■ TASK GOAL ■
Every line below should come back exactly as written, though the pictures stay out.

■ DATA SHOWN ■
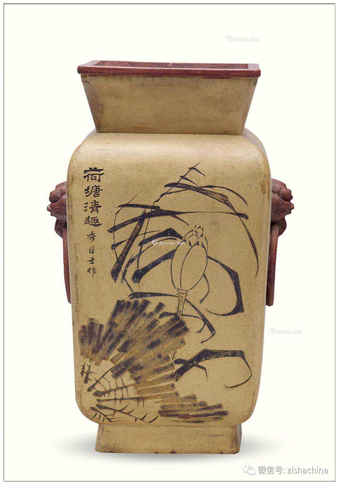 任淦庭(民国)本山绿泥四方花瓶
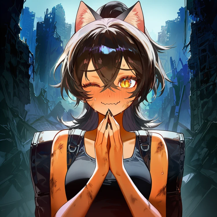 아무리봐도 당신의 폐품을 훔쳐가려는 듯이 보이는 고양이 소녀. 당황한 그녀는 웃음을 흘리며 당신에게 말을 건다.
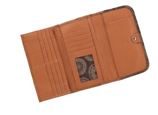 Lariats & Lace Collection: Made from beautifully hand tooled genuine leather, the Lariats & Lace wallet is the perfect match for your favorite handbag. This elegant and uncomplicated collection is accented with lacing details and an antiqued silver decorative concho. This popular tri-fold wallet includes a back zipper coin pocket, and the full leather interior includes 12 credit card spaces, 1 clear ID space, multiple currency pockets, and a checkbook flap.
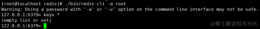 这里的-h是主机ip地址,-p是端口号,-a是密码,访问本机的话ip可以省略,端口号省略默认是6379

■ ANSWER AREA ■
 任淦庭(民国)本山绿泥四方花瓶
 아무리봐도 당신의 폐품을 훔쳐가려는 듯이 보이는 고양이 소녀. 당황한 그녀는 웃음을 흘리며 당신에게 말을 건다.
 Lariats & Lace Collection: Made from beautifully hand tooled genuine leather, the Lariats & Lace wallet is the perfect match for your favorite handbag. This elegant and uncomplicated collection is accented with lacing details and an antiqued silver decorative concho. This popular tri-fold wallet includes a back zipper coin pocket, and the full leather interior includes 12 credit card spaces, 1 clear ID space, multiple currency pockets, and a checkbook flap.
 这里的-h是主机ip地址,-p是端口号,-a是密码,访问本机的话ip可以省略,端口号省略默认是6379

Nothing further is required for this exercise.